M&A / Property
Trigon Metals closes sale of Kombat mine interest

TM · Price
Executive Summary
- Trigon Metals Inc. has completed the sale of its interest in the Kombat mine and associated assets to Kamino Minerals Ltd. (via affiliate Horizon Corp. Ltd.).
- The transaction provides Trigon with a total cash consideration of $24 million (U.S.), structured as eight equal installments, significantly strengthening its balance sheet to fund exploration at its Addana copper project in Morocco.
- Additional consideration includes a production payment tied to copper output, a 1.0% net smelter return royalty, and a reduction of $3,975,494 (U.S.) in existing debt owed to Horizon.
Key Details
- Transaction Structure: Acquisition of 100% of shares in Kombat Streamco Corp. (Trigon Ontario), 100% of shares in PNT Financeco Corp. (holding company for Namibian assets), and an intercompany loan from PNT to Trigon valued at $57,560,875.
- Cash Consideration: Total of $24,000,000 (U.S.), comprising $1.00 (U.S.) for Trigon Ontario shares and $23,999,999 (U.S.) for PNT shares and the loan.
- Payment Schedule: Cash consideration settled in eight equal installments. First installment payable April 4, 2026. Subsequent installments payable every three months.
- Purchase Price Adjustment: Adjustments for outstanding liabilities to IXM S.A. and Sprott, applied equally to the first four installment payments.
- Production Payment: An additional cash payment between $3,500,000 (U.S.) and $13,000,000 (U.S) payable 30 days after underground operations achieve ore production and processing of 4,500 tonnes of contained copper over a 90-day period. Amount depends on copper price.
- Royalty: 1.0% of copper net smelter returns (NSR) on a per invoice basis, payable if copper price > $4.00/lb. Cap: 20 quarters with eight allowable deferrals. Payments commence after 1,000 tonnes of copper metal production for two consecutive calendar months. Royalty paid exclusively from Horizon's equity ownership.
- Debt Reduction: Amount payable by Trigon to Horizon under a loan agreement reduced by $3,975,494 (U.S.).
- Default Clause: If purchaser defaults, Trigon can reacquire shares for nominal consideration plus $300,000 (U.S.) penalty.

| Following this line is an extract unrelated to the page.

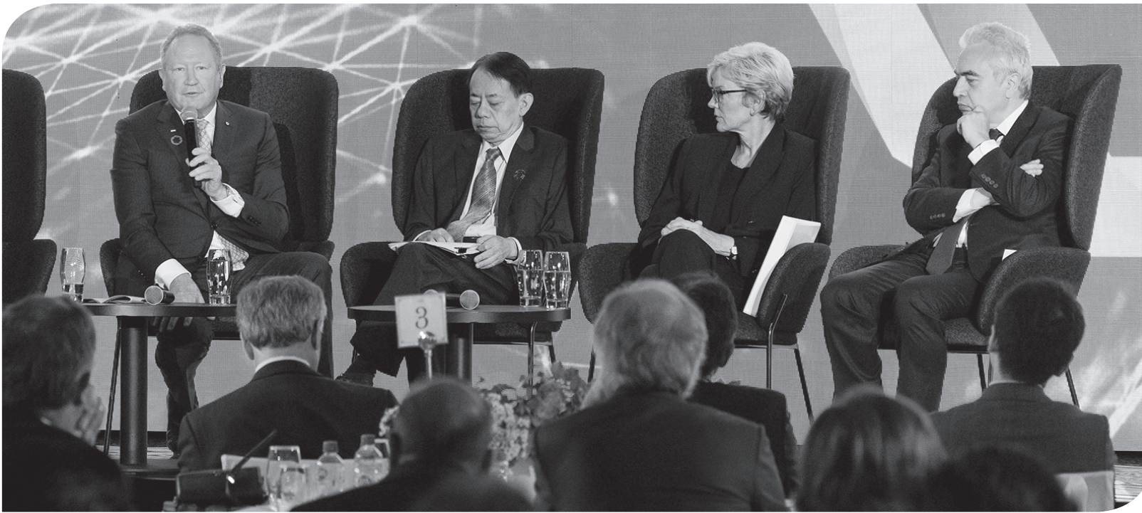
FORUM ENERGI SYDNEY - AUSTRALIA

Ketua dan Pendiri Fortescue Metals Group Andrew Forrest, Direktur Eksekutif Badan Energi Internasional Fatih Birol, Menteri Energi AS Jennifer Granholm, dan Presiden Bank Pembangunan Asia Masatsugu Asakawa di Forum Energi Sydney, di Sydney, Australia, Selasa (12/7).

- Preclosing Reorganization: Trigon transferred rights/obligations under the Sprott Stream to Trigon Ontario and was released from security/guarantees. PNT transferred 100% interest in Copperbelt Mineral Exploration Pty. Ltd. to Trigon.
- Horizon Loan Details:
- Pre-closing loans advanced: $10,066,999 (U.S.).

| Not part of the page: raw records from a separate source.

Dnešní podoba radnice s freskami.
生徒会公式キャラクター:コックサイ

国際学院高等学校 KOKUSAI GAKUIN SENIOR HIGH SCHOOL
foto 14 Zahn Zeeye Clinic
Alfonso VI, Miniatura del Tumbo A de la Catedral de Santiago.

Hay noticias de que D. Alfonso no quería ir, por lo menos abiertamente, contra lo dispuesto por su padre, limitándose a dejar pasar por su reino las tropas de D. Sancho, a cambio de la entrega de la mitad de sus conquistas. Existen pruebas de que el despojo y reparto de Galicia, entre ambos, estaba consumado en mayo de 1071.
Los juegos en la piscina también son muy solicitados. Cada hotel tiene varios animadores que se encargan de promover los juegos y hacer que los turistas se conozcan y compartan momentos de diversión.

- Post-closing payable amount reduced to: $2,436,769 (U.S.).
- Remaining loan bears 15% interest.
- Non-project loan matures Dec 23, 2026 (settled against production payment if triggered).
- Additional loan matures on date of eighth installment (settled against that installment).
- Secured by general security agreement over all company assets.
- Finders' Fees: Brightmind Ventures Ltd. entitled to ~$720,000 (U.S.) fee, paid in five installments matching the cash consideration schedule (First: $173,550.72; Remaining: $149,999.99 x 3; Final: $96,449.30).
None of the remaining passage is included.